In cgroup v2 we can see similar explanation:5
A memory area is charged to the cgroup which instantiated it and stays charged to the cgroup until the area is released. .. A memory area may be used by processes belonging to different cgroups. .. As memory controller assigns page ownership on the first use and doesn’t update it until the page is released, even if writeback strictly follows page ownership, multiple cgroups dirtying overlapping areas wouldn’t work as expected. It’s recommended to avoid such usage patterns.
Here matches to what we observed: the pod first created the file, the cgroup of the pod is accounted for the cache of the file.
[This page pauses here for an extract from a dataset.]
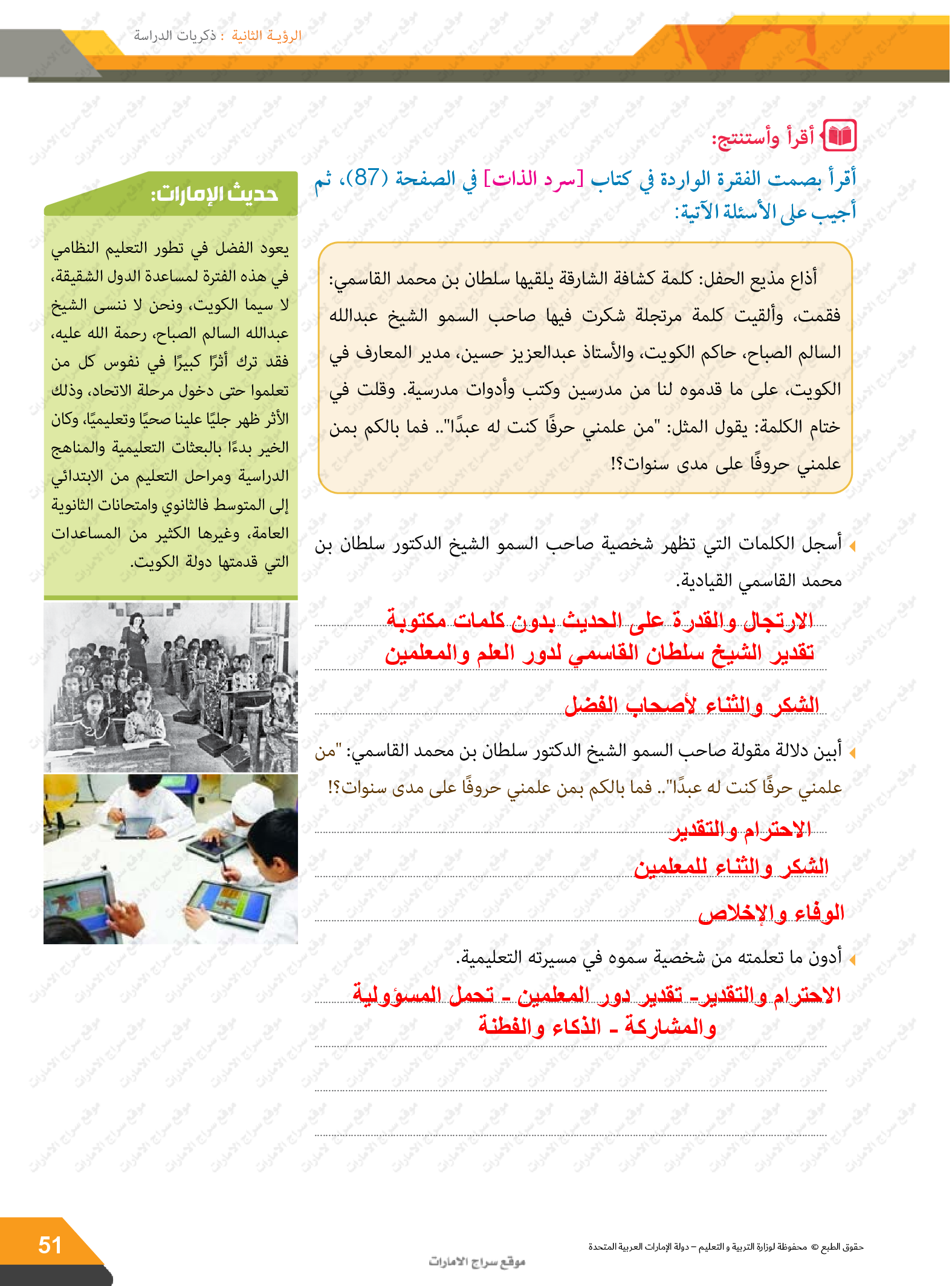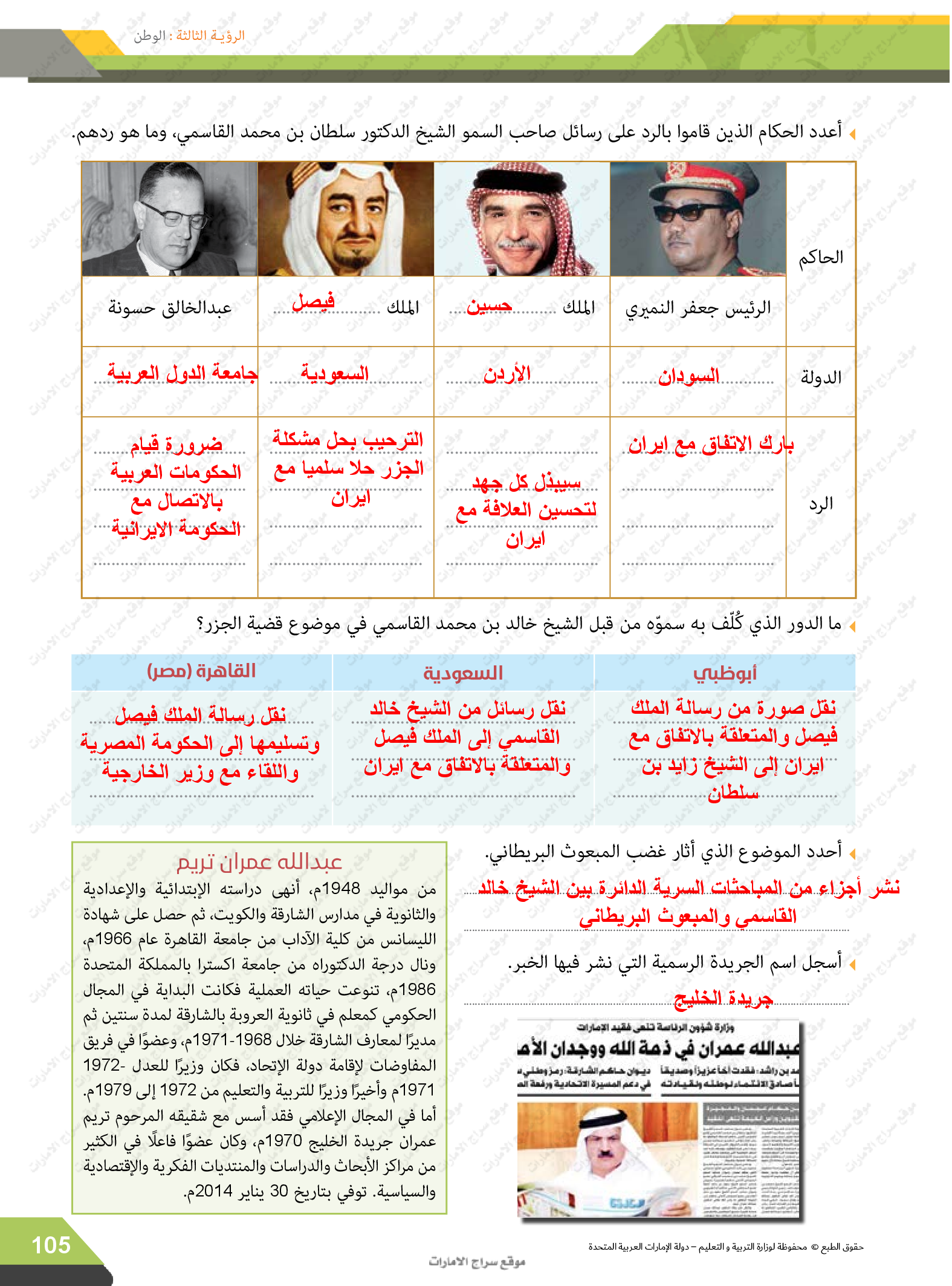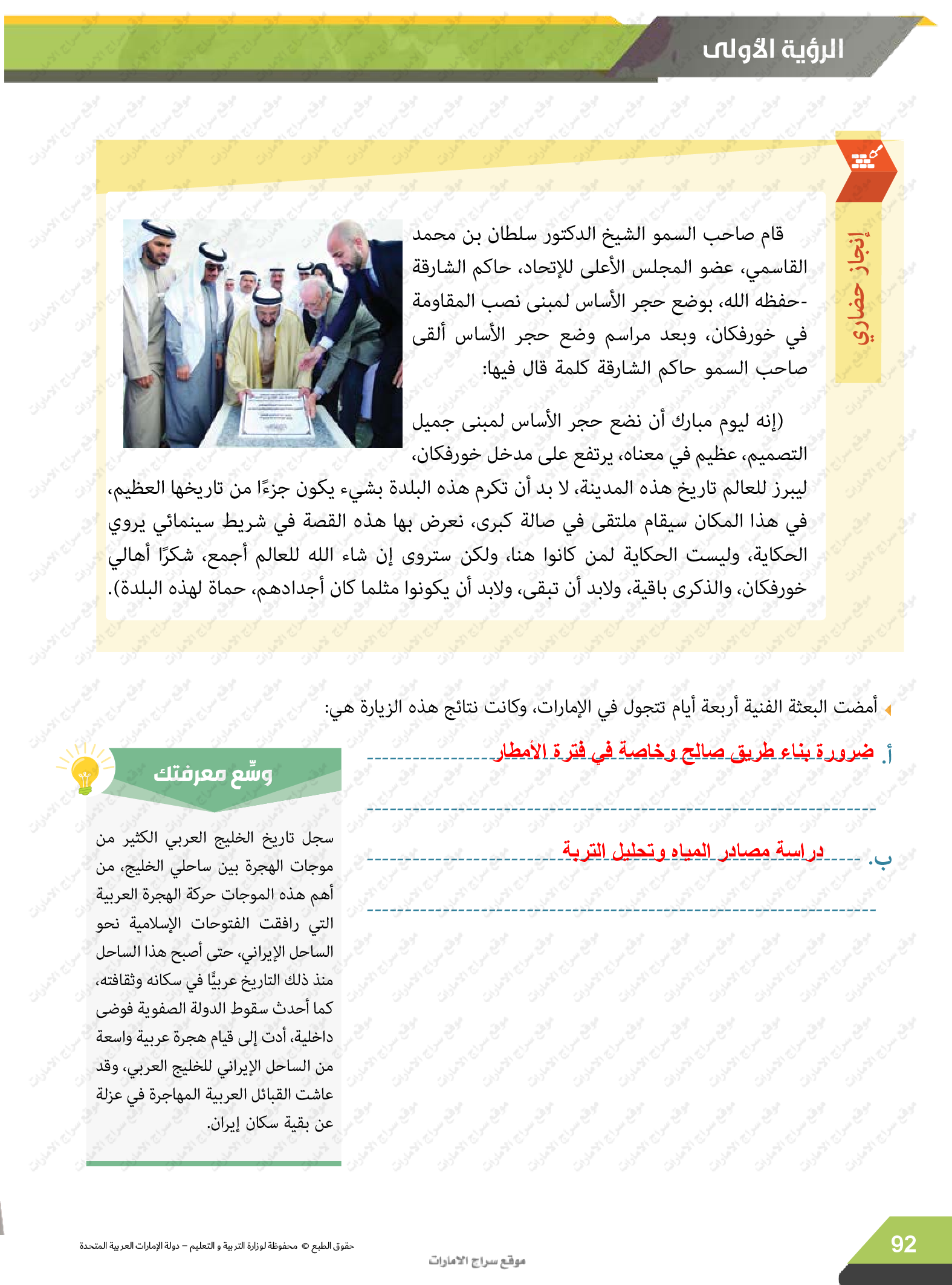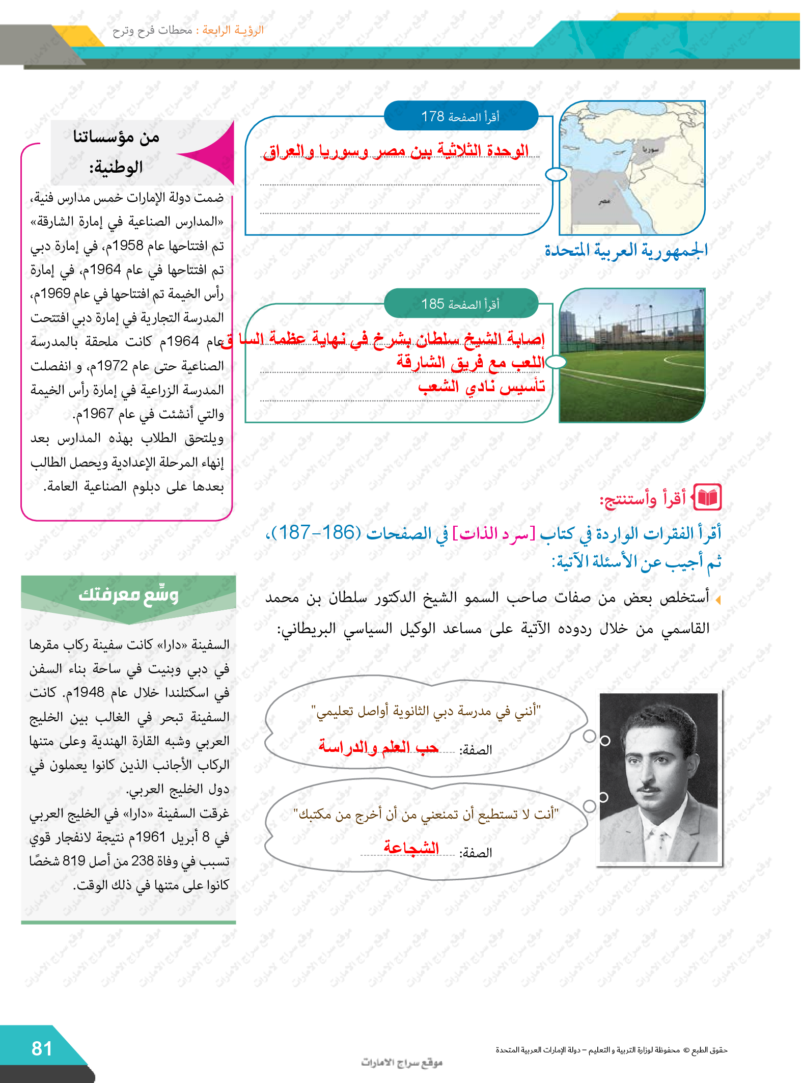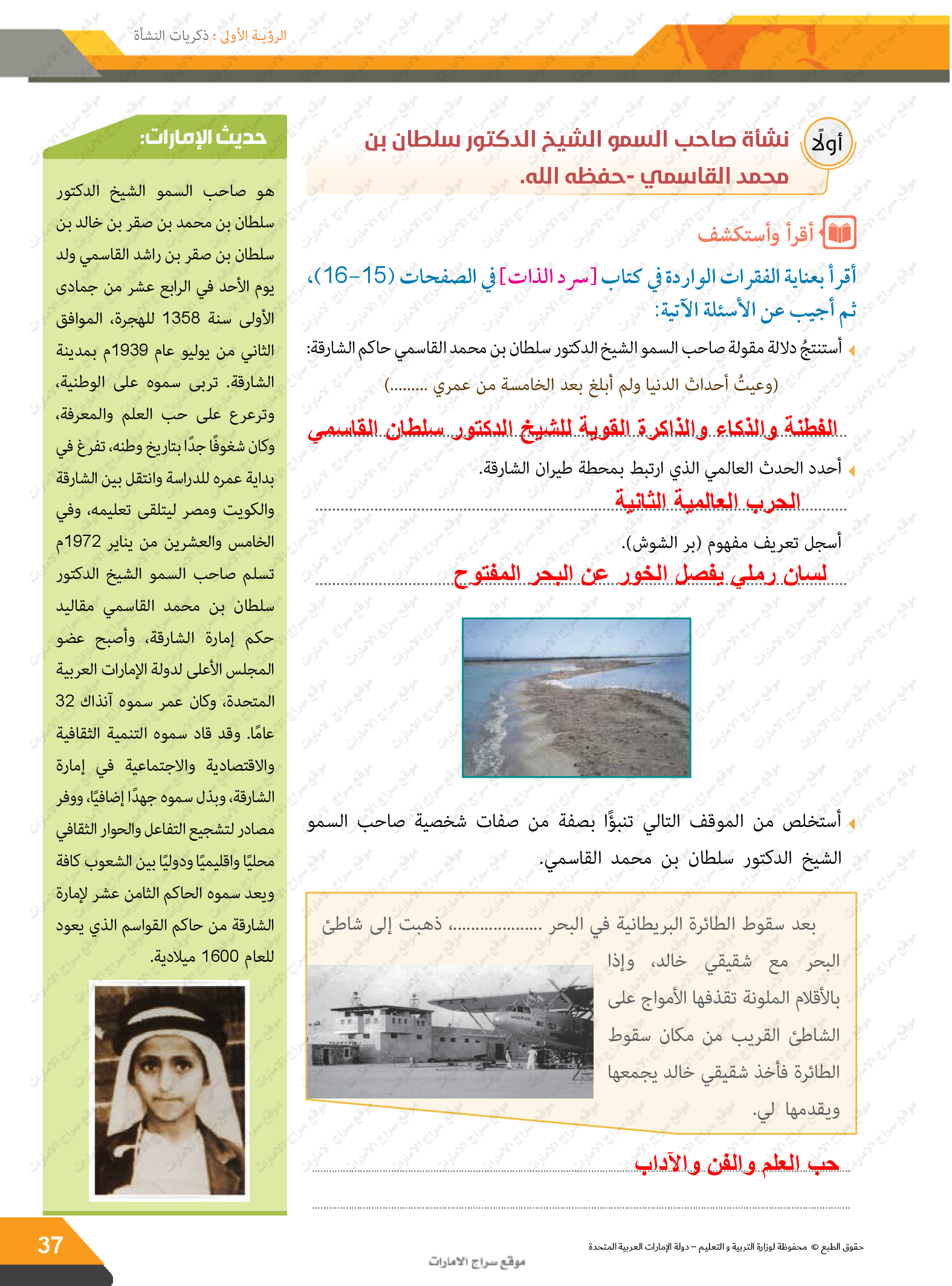 الوحدة الثانية أحداث تاريخية عاصرها صاحب السمو الشيخ الدكتور سلطان بن محمد القاسمي

When we access the same file, the cache become from inactive_file
to active_file
. However, due to the ownership of the cache, the memory metrics still reflects on the cgroup memory of the pod.
Summary
This article describes how Kubernetes calculate the pod memory usage and the cgroup memory ownership method leads to what we observed: accessing file from host level might affect the pod memory usage. The discussion about if Kubernetes should calculate working_set
based on inactive_file
, active_file
has be a long discussion6. For now we need to keep in mind that how Kubernetes calculate working_set
and sometimes to get insight of the pod memory usage change, we can gather the information from the metrics source, cgroupfs memory metrics.